Dal 14 gennaio, i parenti di Marco non avevano più sue notizie. Molti gli hanno scritto su Facebook, ma l’interruzione delle linee di comunicazione ha fatto sì che non potesse rispondere.

Il vulcano da cui è scaturito lo tsunami è distante una settantina di chilometri dall’abitazione del carpigiano. Strade allagate, edifici distrutti e ampie aree ricoperte dalle ceneri vulcaniche sono stati prodotti dall’eruzione. Tuttavia, è arrivata la comunicazione rassicurante sullo stato di salute di Maini, che si trovava in una zona di collina, lontana dalla calamità naturale. Questo non significa che lo spavento non sia stato tanto ugualmente per il 65enne, la moglie e le bambine che si trovavano a poche decine di chilometri dal disastro.

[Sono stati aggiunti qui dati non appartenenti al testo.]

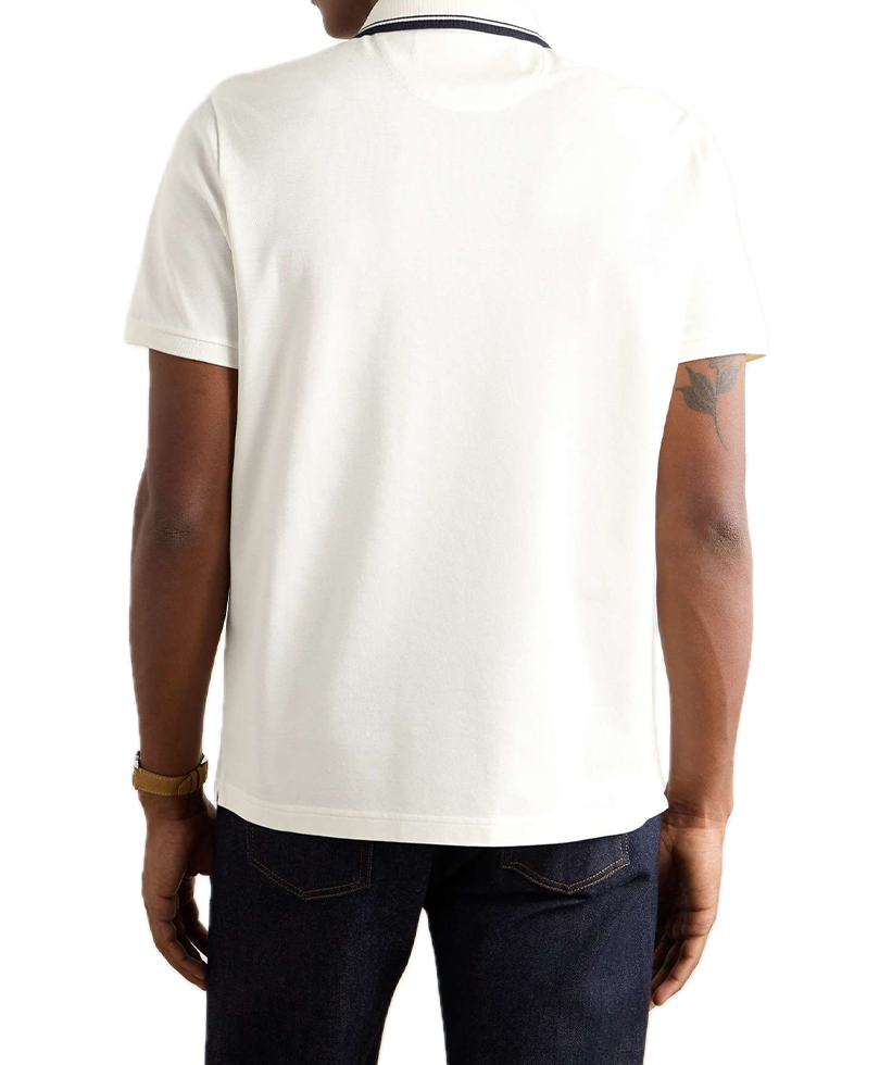 Breathable white and navy stretch-cotton-piqué
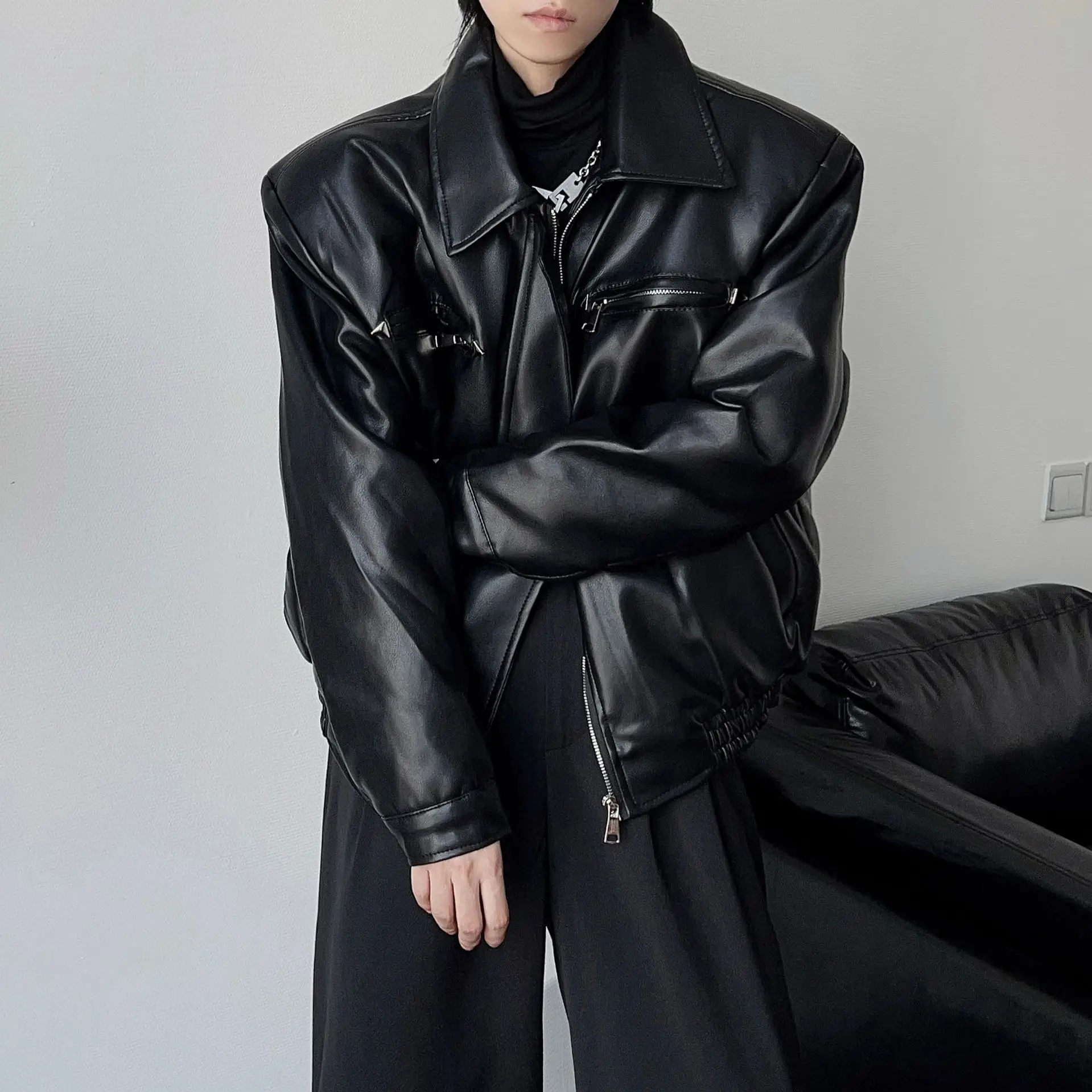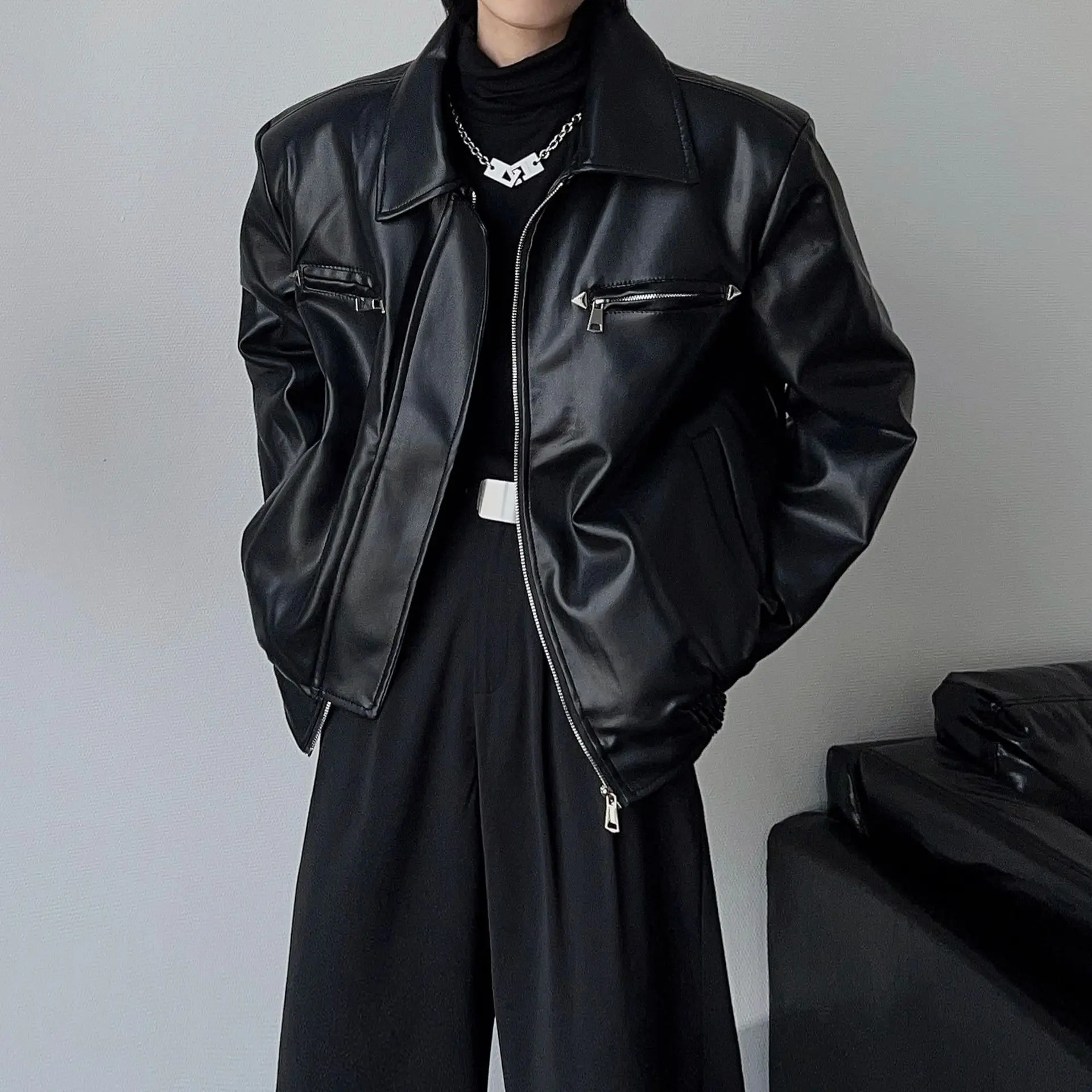 American PU Leather Jacket Men’s Spring and Autumn British Ruffian Men’s High-end Silhouette Locomotive Clothing Tooling Leather

Mentre gli operatori telefonici si stanno occupando del ripristino delle linee, gli abitanti di Tonga riescono a comunicare tramite collegamenti provvisori con cui si riesce a trasmettere lo stretto necessario. I disagi si sono creati a seguito della rottura del relativo cavo di comunicazione sottomarino e non potranno essere superati fino all’intervento di una nave specializzata, che dovrebbe partire dalla Papua Nuova Guinea nel fine settimana, ma dovrà prima recarsi a Samoa per caricare la necessaria strumentazione tecnica.

Anche sul fronte umanitario stanno arrivando gli aiuti. Cinque giorni dopo l’eruzione del vulcano Hunga Tonga-Hunga Hàapai e del successivo tsunami che ha devastato le isole Tonga sono atterrati all’aeroporto principale dell'arcipelago, sull’isola di Tongatapui, i primi aerei militari australiani e neozelandesi carichi di aiuti. Un atterraggio reso possibile da giorni di lavoro per ripulire la pista coperta da una spessa coltre di cenere che la rendeva inutilizzabile.